Guard up – Why we need to talk about data security
As we get exceedingly reliant on digital information, our vulnerability to cyber attacks increases.
By: HT Brand Studio
We live in an age when everyone is going online, and everything is becoming digital. Almost half of the world's population is on the internet, and India alone has about 400 million netizens. Up until now, cyber security was seen as a concern for backroom IT guys, and not for individuals. Not anymore. We are online to surf, shop, pay, and share information, making us vulnerable to numerous threats. Experts say that data is under risk from various people in cyberspace, namely - cyber criminals, hackers, hacktivists (a portmanteau of hack and activism, these are people who are politically or socially motivated), cyber terrorists, and nation states.

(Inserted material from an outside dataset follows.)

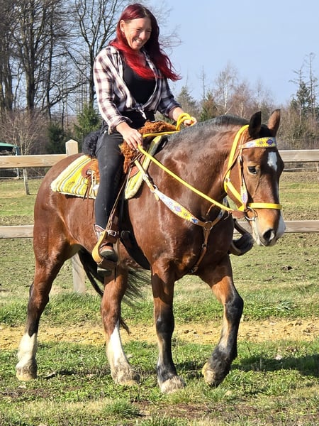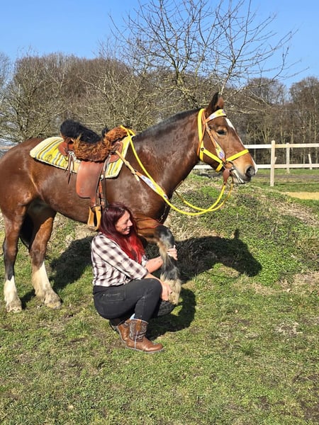 Zuverlässige Freiberger Stute – brav & vielseitig einsetzbar DEESSE ist ein echtes Traumpferd ! Alter: 8 Jahre Stockmaß: ca. 154 cm Preis:7900,- AKU: vorhanden ✨ Beschreibung: Diese 8-jährige Freiberger Stute überzeugt mit ihrem ausgeglichenen, ruhigen Wesen und ihrer angenehmen Art im täglichen Umgang. Sie ist freundlich, aufmerksam und absolut unkompliziert im Stall, beim Putzen sowie beim Führen. Unter dem Sattel zeigt sie sich zuverlässig und angenehm zu reiten. Sie arbeitet motiviert auf dem Platz und ist besonders im Gelände eine tolle Partnerin – entspannt, trittsicher und jederzeit händelbar. Zusätzlich ist sie gefahren und kennt die Arbeit vor der Kutsche. Auch hier präsentiert sie sich brav und sicher. Eine ehrliche, vielseitige Freizeitpartnerin, die ihrem Reiter stets ein gutes Gefühl gibt. Geeignet für: Freizeitreiterinnen und Freizeitreiter, die eine ausgeglichene, geländesichere und auch gefahrene Stute suchen. Ideal für entspannte Ausritte, Platzarbeit und Freizeitfahren. Unsere Pferde werden regelmäßig: – entwurmt – vom Schmied betreut – osteopathisch kontrolliert Hofladen: Westernsättel, Trensen & Zubehör Transport sowie passendes Equipment auf Wunsch günstig organisierbar Unser Service: ✅ 3 Monate Umtauschrecht ✅ Proberitt: 35 €, jedes weitere Pferd 25 € (beim Kauf am selben Tag angerechnet) ✅ 100 € Sofort-Rabatt bei Abholung oder Transport am gleichen Tag ✅ Persönliche & ehrliche Beratung Anfragen bitte ausschließlich telefonisch: 0171 – 4001968 Erreichbar täglich von 8–20 Uhr ⚠️ Keine E-Mail oder WhatsApp ⚠️ Alle Angaben ohne Gewähr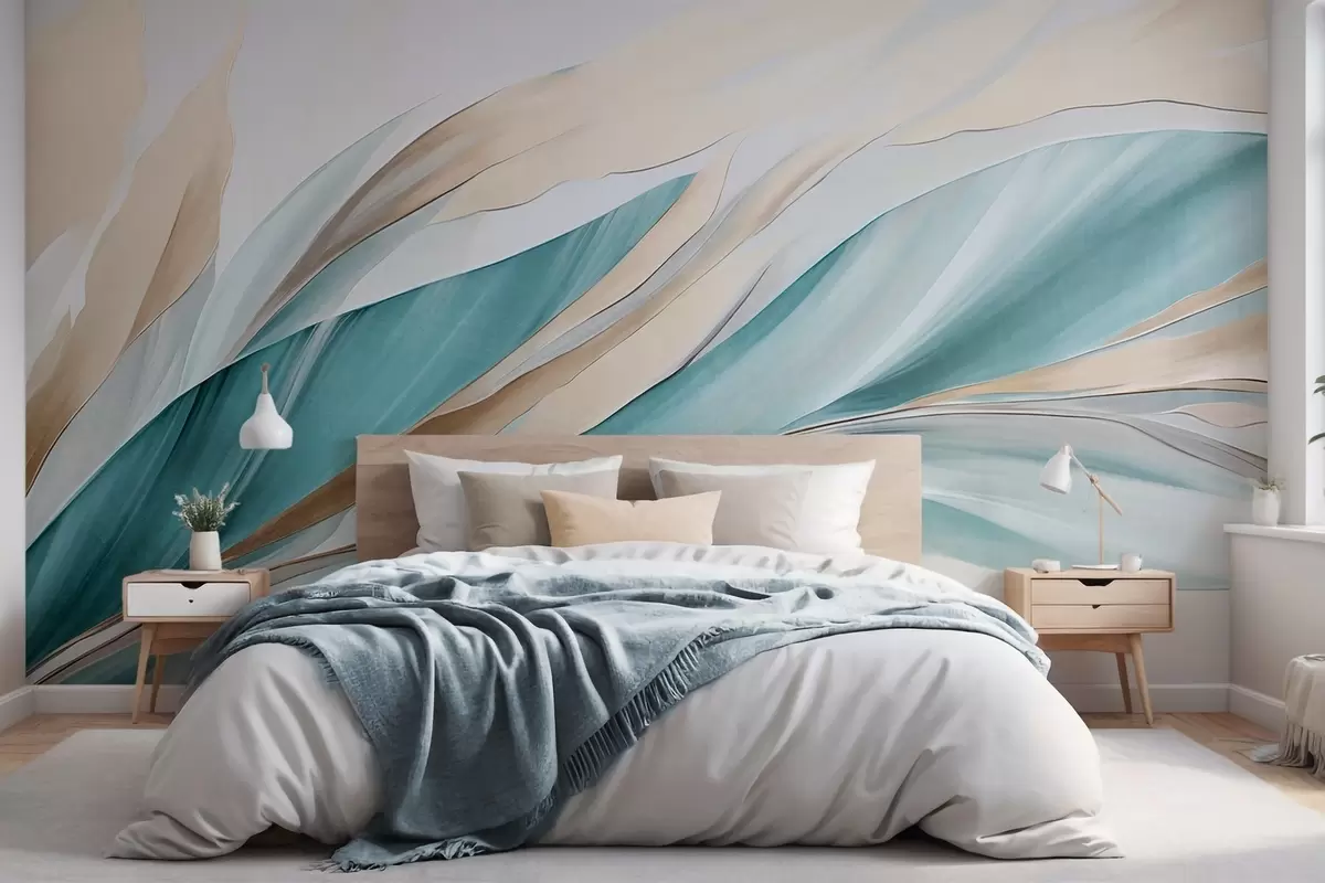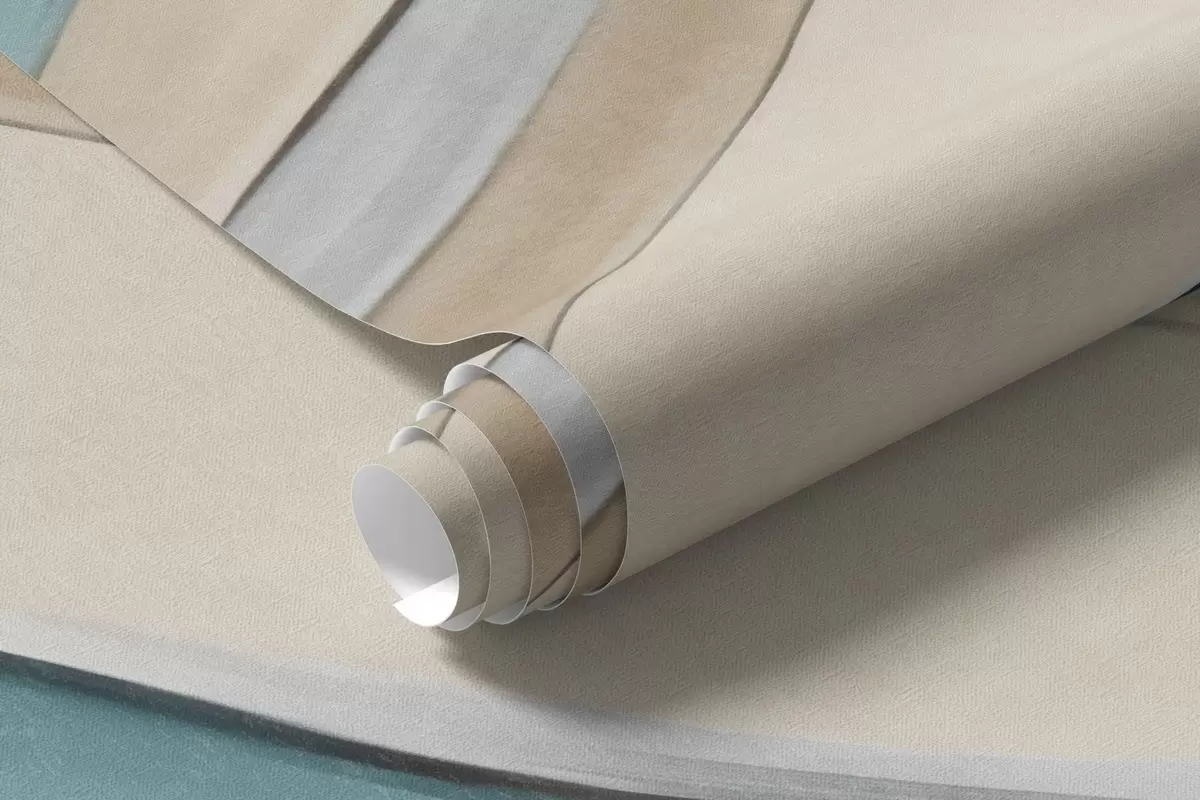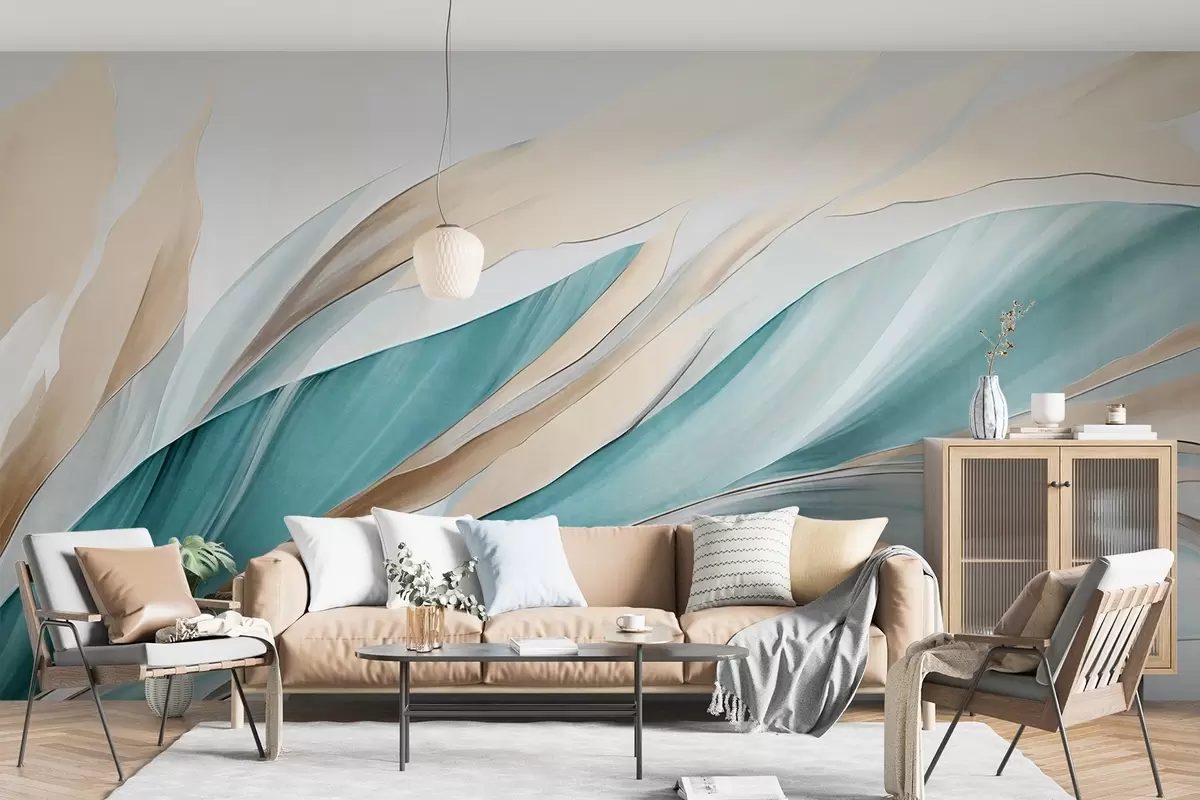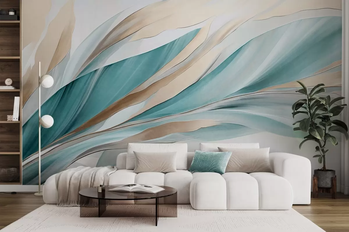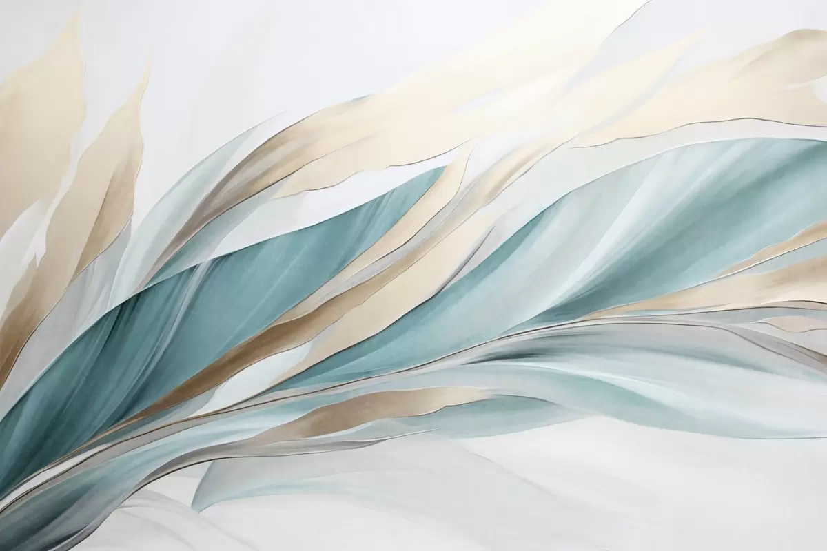 Fotobehang Abstracte golvende golven van blauwgroen en geel, met dunne vormen en lijnen, tegen een witte achtergrond, kunst met textuur N° w09585

Cyber crime has been called one of the biggest risks to data and security. A report by Mckinsey says, "Despite years of effort, and tens of billions of dollars spent annually, the global economy is still not sufficiently protected against cyber attacks—and it is getting worse. The risk of cyber attacks could slow the pace of technology and business innovation with as much as $3 trillion in aggregate impact."
The cyber scenario in developing countries
Developing nations which are in the throes of a technological revolution are catching up on modern technology, but the infrastructure for cyber security and cyber laws are either archaic or non-existent. Countries like India are bringing millions of people online, but the security infrastructure is just not ready.
Figures on cyber crime are startling. "The likely annual cost to the global economy from cybercrime is more than $400 billion," says a study. UNESCO says that the increased threat of cyber attacks puts critical infrastructure, like the information systems of hospitals, air traffic control facilities, factories, police and military, of developing nations at risk.
For emerging digital economies, another risk is that hacking attacks and online fraud can deter people from using e-commerce or e-payments. Added to that is the fact that Indian data protection laws are inadequate and only address some security, and privacy issues. Meanwhile cyber crime in the country is on a rise: The National Crime Records Bureau (NCRB) said in its 2016 report, that 11,592 cases of cyber crime were registered in India in 2015. We need to work fast on building a security infrastructure to insulate the billion strong population from cyber threats.
The road ahead
As a first step, India needs a national level programme for cyber security and a budget for implementation. We need to develop standards and guidelines, and build capacity for laws and enforcement.
Second, public and private institutions must identify what their information assets are and which ones need protection. Cyber experts have to be employed to understand the threat landscape and take a risk-based approach to identify impact. They will have to understand the functioning of departments and businesses, and prioritize information assets in need of protection.
Organisations have to invest in building cyber defence systems and build capacity to analyse threats according to the kind of information they possess. Srinivasan CR, Senior Vice President, Global Product Management & Data Centre Services, Tata Communications, says "To alleviate pressures on the IT department and ensure a smooth transition to the cloud at a pace that best suits the organisation, it is beneficial to choose a fully managed private cloud solution. When combined with an integrated security framework, a fully managed private cloud gives enterprises secure, reliable access to data no matter what, and protects intellectual property by constantly monitoring data entering and leaving the network across all devices."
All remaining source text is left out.